Three-Tone Coherent Microwave Electromechanical Measurement of a Superfluid Helmholtz Resonator

TL;DR

This paper demonstrates a novel microwave electromechanical measurement technique for a superfluid Helmholtz resonator, achieving significantly enhanced coupling strength through a coherent interference method.

Contribution

It introduces a new coherent measurement approach for superfluid electromechanical systems, enabling detection of weak couplings in the unresolved sideband regime with improved sensitivity.

Findings

Measured vacuum electromechanical coupling strength of 23.3 μHz.

Achieved coupling strength three orders of magnitude larger than previous experiments.

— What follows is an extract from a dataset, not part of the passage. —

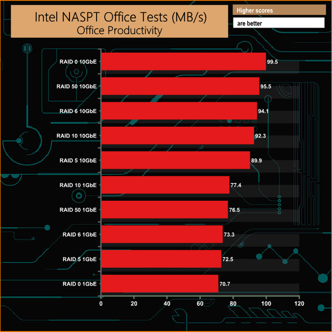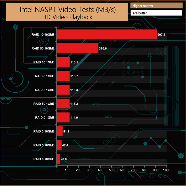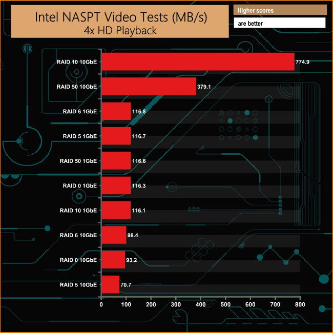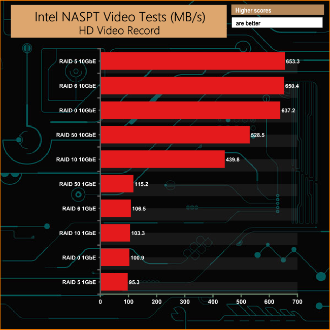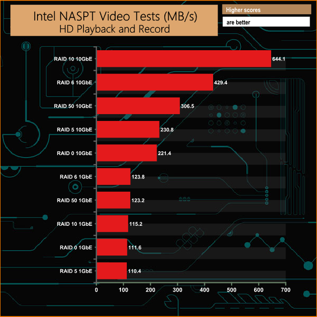 During the 10GbE test runs, something very strange was happening in the HD Video Playback and 4x HD Playback parts of Intel's NASPT test – apart from the RAID 10 and RAID 50 results, the performance dropped off a cliff, something we still are scratching our heads about. However in the HD Video Record and HD Playback and Record tests the 10GbE performance bounced back for all the RAID arrays tested and was consistently much higher than the 1GbE tests as you might expect it them to be.

Developed a two-probe optomechanically induced transparency/amplification technique.

Abstract

We demonstrate electromechanical coupling between a superfluid mechanical mode and a microwave mode formed by a patterned microfluidic chip and a 3D cavity. The electric field of the chip-cavity microwave resonator can be used to both drive and detect the motion of a pure superflow Helmholtz mode, which is dictated by geometric confinement. The coupling is characterized using a coherent measurement technique developed for measuring weak couplings deep in the sideband unresolved regime. The technique is based on two-probe optomechanically induced transparency/amplification using amplitude modulation. Instead of measuring two probe tones separately, they are interfered to retain only a signal coherent with the mechanical motion. With this method, we measure a vacuum electromechanical coupling strength of $g_0 = 2\pi \times 23.3$ $\mathrm{\mu}$Hz, three orders of magnitude larger than previous superfluid electromechanical experiments.